What the exercise asks => The whole listing is to be restated word for word with no images.

Supplied records =>
-------------------------

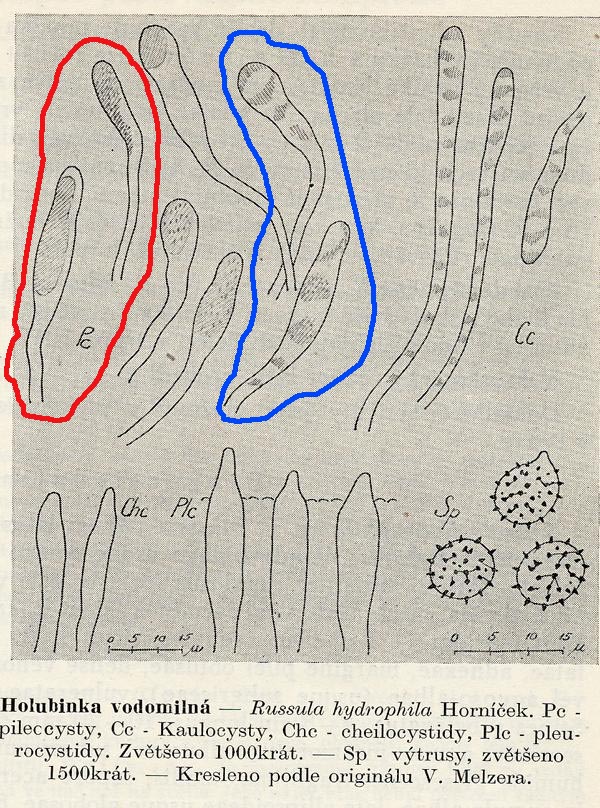 So, ich hab mir das Bild (aus Hornicek, 1958) aus dem Beitrag abgespeichert und gebs zu, dass ich zu blöd dazu bin, da nennenswerte Unterschiede zu erkennen.Ich hab das Bild mal etwas verändert und poste es hier nochmal. Links (bei mir rot eingekringelt) wäre also R. aquosa rechts (blau eingekringelt) R. grisecens. Kannst dus mir bitte nochmal genau erklären? Was bedeuten diese seltsamen Schattierungen auf den Zystiden?
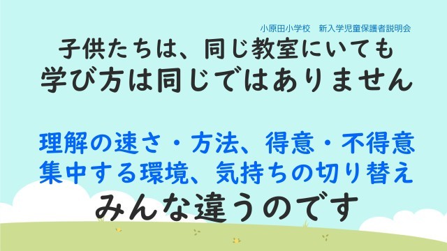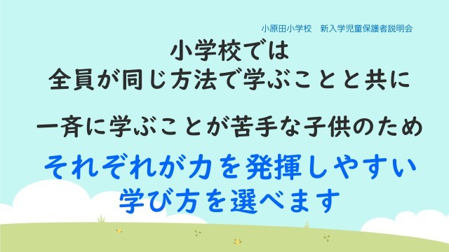 小原田小では、「全員が同じ方法で学ぶ」ことを大切にするとともに、それぞれの子供が自分の力を発揮しやすい学び方を選べる工夫をしています。
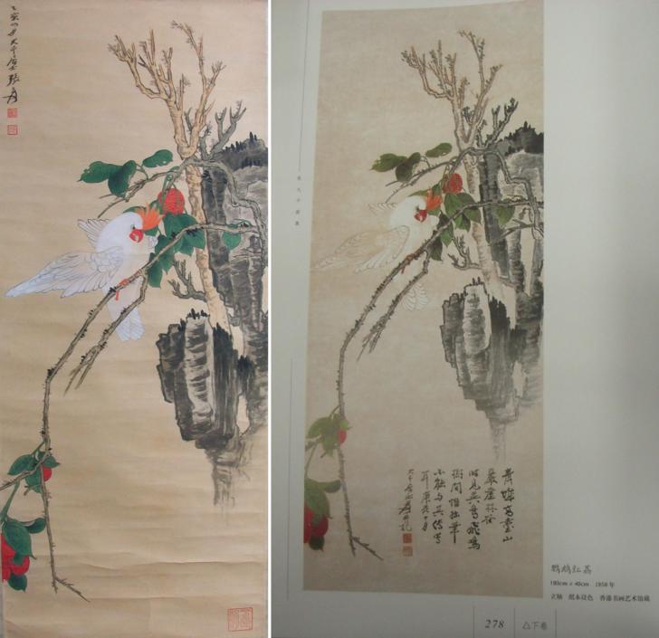 Red-beak White Parrot Flower Bird Tree and Rock Painting by Zhang Daqian dated 1935, vs. Parrot and Red Litchi by Zhang Daqian dated 1940 (H 103 x W 40 cm, Ink and color on paper, Hanging Scroll, dated Oct. 1940, 《Painting Collections by Zhang Daqian, Volume 2, Page 278》published by Beijing Craft and Art Publishing Company, Collected in Hong Kong Painting and Calligraphy Art Museum.)
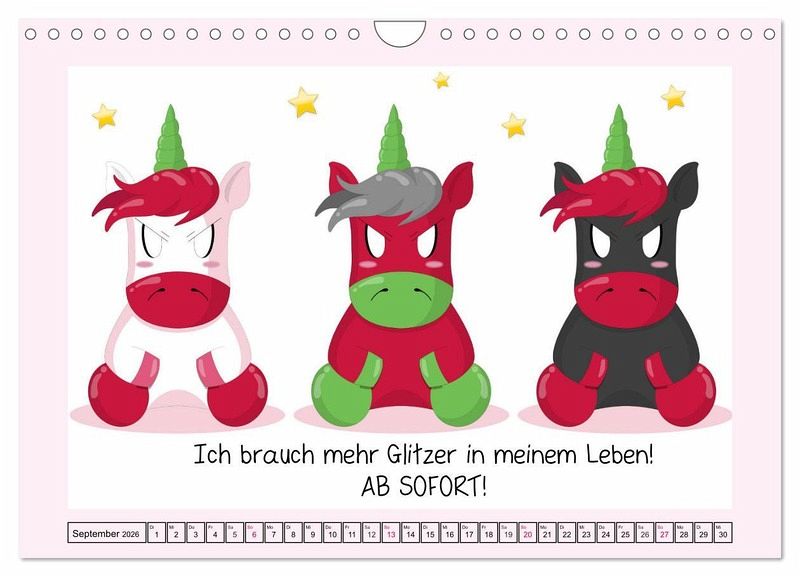Ein niedlicher Typo-Kalender mit Einhorn-Affirmationen und Lebensweisheiten für mehr Lebensfreude und gute Laune. Dieser lustige Kalender bringt positive Schwingungen in das Zuhause und zaubert ein Schmunzeln auf die Gesichter. Absichtlich schlicht gehalten, bietet dieser Kalender auch genügend Platz für Notizen und er eignet sich natürlich als humorvolles Geschenk.
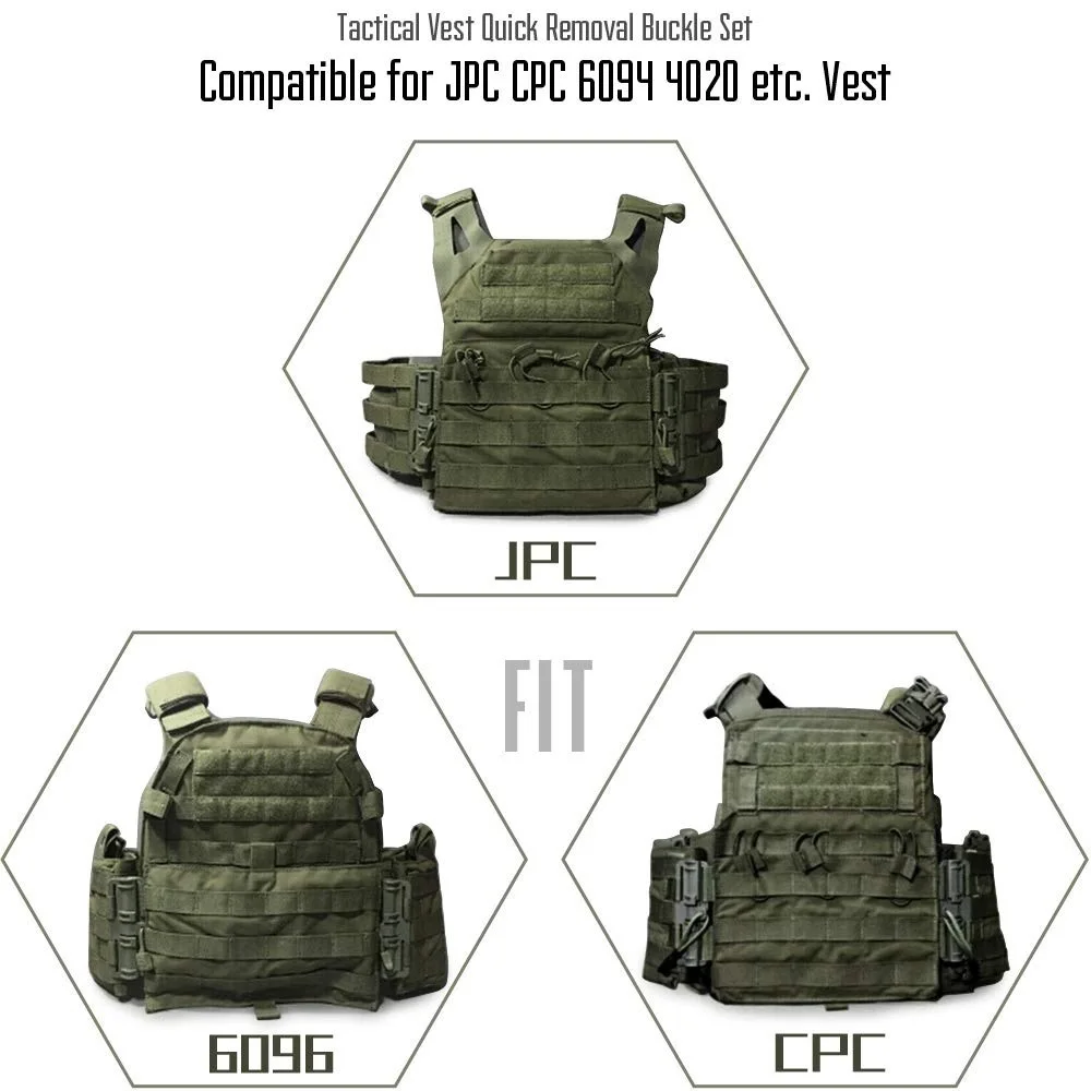 Juego de hebillas de liberación rápida para portadores de placas, equipo MOLLE y paquete táctico, cierres de faja ajustables, accesorios duraderos para armadura corporal
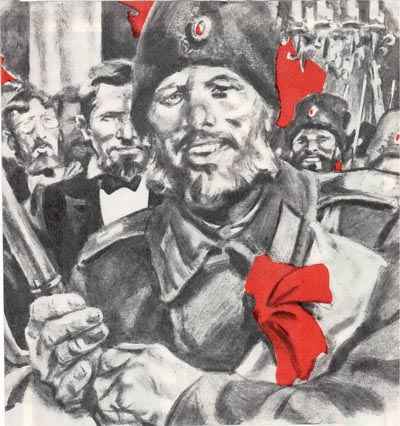 По улице и площади перед вокзалом, как-то крадучись, пробегали редкие пешеходы. Вдруг, нарушив настороженную тишину пустынной улицы, показался зелёный грузовой автомобиль, наполненный стоящими в нём людьми в шапках, чёрных куртках, с ружьями и пулемётными лентами. Двое передних держали ружья на прицел, целясь во что-то невидимое впереди. Публика, давя друг друга, бросилась в вокзал. И опять где-то посыпалась картошка на доски. И вдогонку первому пролетел другой автомобиль с серыми шинелями солдат. Потом внезапно остановился, и солдаты, выпрыгнув, спрятались за него и стали стрелять куда-то вперёд по улице, высовываясь и опять прячась.
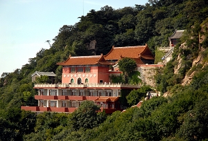 從蓮花嶺進山,轉過刻有“入勝”兩個巨字的大石,經過四正門徑、元寶石、迎客松,便到了下盤。下盤以秀水著稱,有水質凜冽甘美的涓涓泉、名曰滴水瀨的流瀑和被譽作“立沛甘露 ”的紅龍池。盤山第一大寺天成寺也建在這里,此寺始建于唐代,后經重修,現廟門匾額上的“天成寺”三字出自乾隆親手筆。寺仙正殿“江山一鑒閣”面澗背崖,雕梁畫棟版權所有聊城聊之旅旅行社有限公司,轉載必究,古樸雅致。閣西有座8角13層淺黃色舍利塔,它結構精巧,風姿綽然。
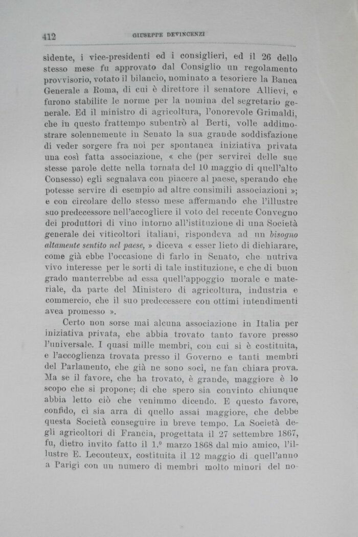 sidente, i vice-presidenti ed i consiglieri, ed il 26 dello stesso mese fu approvato dal Consiglio un regolamento provvisorio, votato il bilaucio, nominato a tesoriere la Banca Generale a Koina, di cui è direttore il senatore Allievi, e furono stabilite le norme per la nomina del segretario generale. Ed il ministro di agricoltura, l'onorevole Grimaldi, che in questo frattempo subentrò al Berti, volle addimostrare solennemente in Seuato la sua grande soddisfazione di veder sorgere fra noi per spontanea iniziativa privata una così fatta associazione, « che (per servirci delle sue stesse parole dette nella tornata del 10 maggio di quell'alto Consesso) egli segnalava con piacere al paese, speraudo che potesse servire di esempio ad altre consimili associazioni »; e con circolare dello stesso mese affermando che l'illustre suo predecessore nel l'accogliere il voto del recente Convegno dei produttori di vino intorno all'istituzione (li una Società generale dei viticoltori italiani, rispondeva ad un bisogno altamente sentito nel paese, » diceva « esser lieto di dichiarare, come già ebbe l'occasione di farlo in Senato, che nutriva vivo interesse per le sorti di tale instituzione, e che di buon grado manterrebbe ad essa quell'appoggio morale e materiale, da parte del Ministero di agricoltura, industria e commercio, che il suo predecessere con ottimi intendimenti avea promesso ».
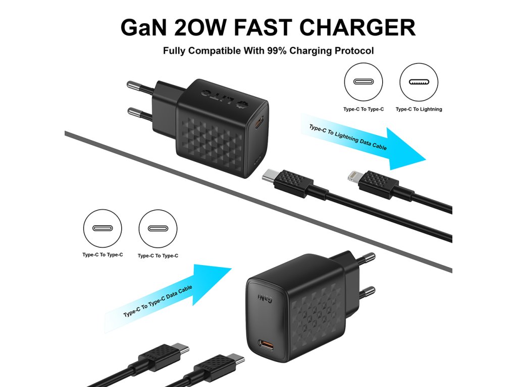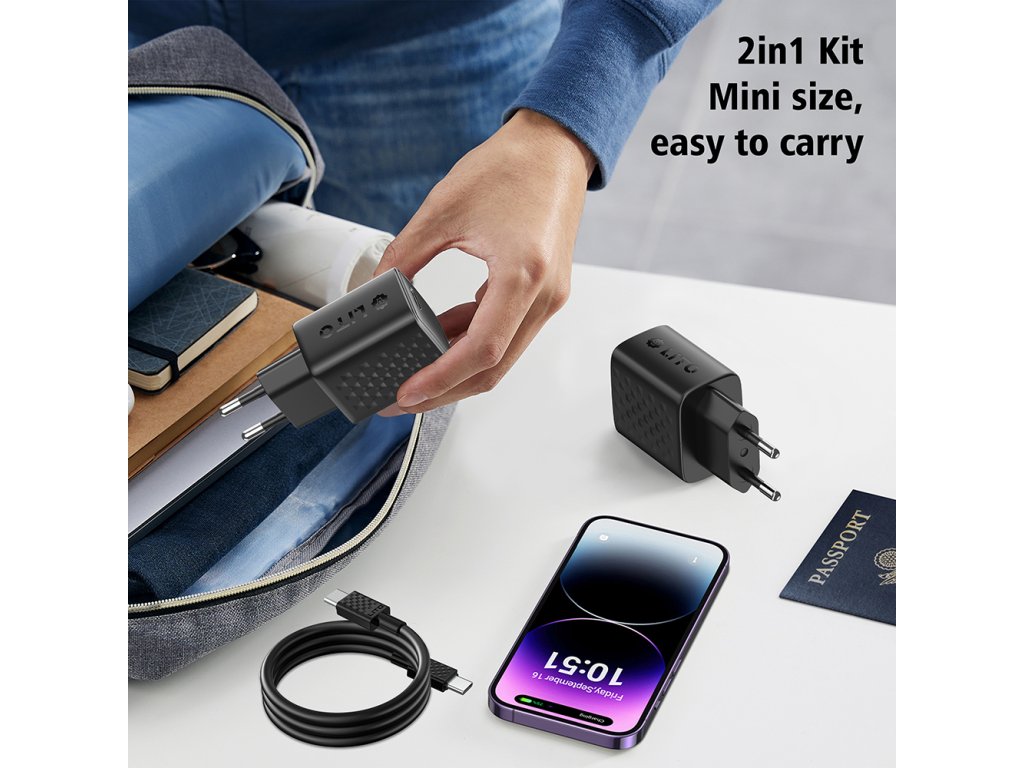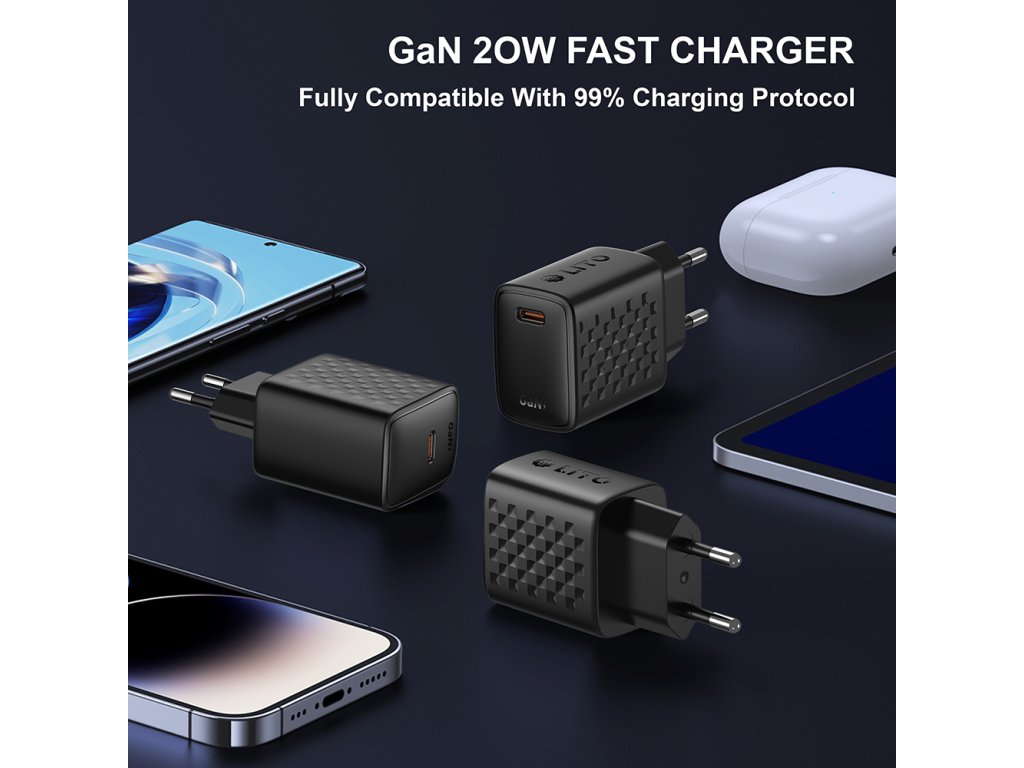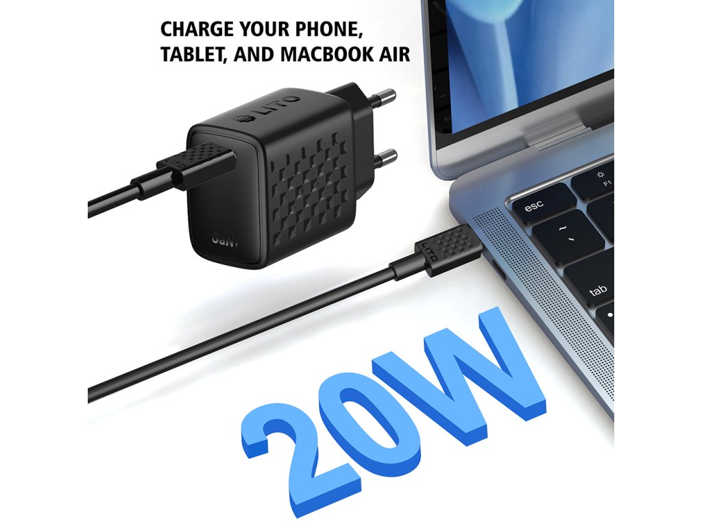 Lito - Wall Charger LC13T síťová nabíječka (USB-C kabel v balení, USB-C, PD20W, GaN technologie, nehořlavý PC materiál, EU vidlice) - černá

-------------------------

Result for this task =>
 So, ich hab mir das Bild (aus Hornicek, 1958) aus dem Beitrag abgespeichert und gebs zu, dass ich zu blöd dazu bin, da nennenswerte Unterschiede zu erkennen.Ich hab das Bild mal etwas verändert und poste es hier nochmal. Links (bei mir rot eingekringelt) wäre also R. aquosa rechts (blau eingekringelt) R. grisecens. Kannst dus mir bitte nochmal genau erklären? Was bedeuten diese seltsamen Schattierungen auf den Zystiden?
 小原田小では、「全員が同じ方法で学ぶ」ことを大切にするとともに、それぞれの子供が自分の力を発揮しやすい学び方を選べる工夫をしています。
 Red-beak White Parrot Flower Bird Tree and Rock Painting by Zhang Daqian dated 1935, vs. Parrot and Red Litchi by Zhang Daqian dated 1940 (H 103 x W 40 cm, Ink and color on paper, Hanging Scroll, dated Oct. 1940, 《Painting Collections by Zhang Daqian, Volume 2, Page 278》published by Beijing Craft and Art Publishing Company, Collected in Hong Kong Painting and Calligraphy Art Museum.)
Ein niedlicher Typo-Kalender mit Einhorn-Affirmationen und Lebensweisheiten für mehr Lebensfreude und gute Laune. Dieser lustige Kalender bringt positive Schwingungen in das Zuhause und zaubert ein Schmunzeln auf die Gesichter. Absichtlich schlicht gehalten, bietet dieser Kalender auch genügend Platz für Notizen und er eignet sich natürlich als humorvolles Geschenk.
 Juego de hebillas de liberación rápida para portadores de placas, equipo MOLLE y paquete táctico, cierres de faja ajustables, accesorios duraderos para armadura corporal
 По улице и площади перед вокзалом, как-то крадучись, пробегали редкие пешеходы. Вдруг, нарушив настороженную тишину пустынной улицы, показался зелёный грузовой автомобиль, наполненный стоящими в нём людьми в шапках, чёрных куртках, с ружьями и пулемётными лентами. Двое передних держали ружья на прицел, целясь во что-то невидимое впереди. Публика, давя друг друга, бросилась в вокзал. И опять где-то посыпалась картошка на доски. И вдогонку первому пролетел другой автомобиль с серыми шинелями солдат. Потом внезапно остановился, и солдаты, выпрыгнув, спрятались за него и стали стрелять куда-то вперёд по улице, высовываясь и опять прячась.
 從蓮花嶺進山,轉過刻有“入勝”兩個巨字的大石,經過四正門徑、元寶石、迎客松,便到了下盤。下盤以秀水著稱,有水質凜冽甘美的涓涓泉、名曰滴水瀨的流瀑和被譽作“立沛甘露 ”的紅龍池。盤山第一大寺天成寺也建在這里,此寺始建于唐代,后經重修,現廟門匾額上的“天成寺”三字出自乾隆親手筆。寺仙正殿“江山一鑒閣”面澗背崖,雕梁畫棟版權所有聊城聊之旅旅行社有限公司,轉載必究,古樸雅致。閣西有座8角13層淺黃色舍利塔,它結構精巧,風姿綽然。
 sidente, i vice-presidenti ed i consiglieri, ed il 26 dello stesso mese fu approvato dal Consiglio un regolamento provvisorio, votato il bilaucio, nominato a tesoriere la Banca Generale a Koina, di cui è direttore il senatore Allievi, e furono stabilite le norme per la nomina del segretario generale. Ed il ministro di agricoltura, l'onorevole Grimaldi, che in questo frattempo subentrò al Berti, volle addimostrare solennemente in Seuato la sua grande soddisfazione di veder sorgere fra noi per spontanea iniziativa privata una così fatta associazione, « che (per servirci delle sue stesse parole dette nella tornata del 10 maggio di quell'alto Consesso) egli segnalava con piacere al paese, speraudo che potesse servire di esempio ad altre consimili associazioni »; e con circolare dello stesso mese affermando che l'illustre suo predecessore nel l'accogliere il voto del recente Convegno dei produttori di vino intorno all'istituzione (li una Società generale dei viticoltori italiani, rispondeva ad un bisogno altamente sentito nel paese, » diceva « esser lieto di dichiarare, come già ebbe l'occasione di farlo in Senato, che nutriva vivo interesse per le sorti di tale instituzione, e che di buon grado manterrebbe ad essa quell'appoggio morale e materiale, da parte del Ministero di agricoltura, industria e commercio, che il suo predecessere con ottimi intendimenti avea promesso ».
 Lito - Wall Charger LC13T síťová nabíječka (USB-C kabel v balení, USB-C, PD20W, GaN technologie, nehořlavý PC materiál, EU vidlice) - černá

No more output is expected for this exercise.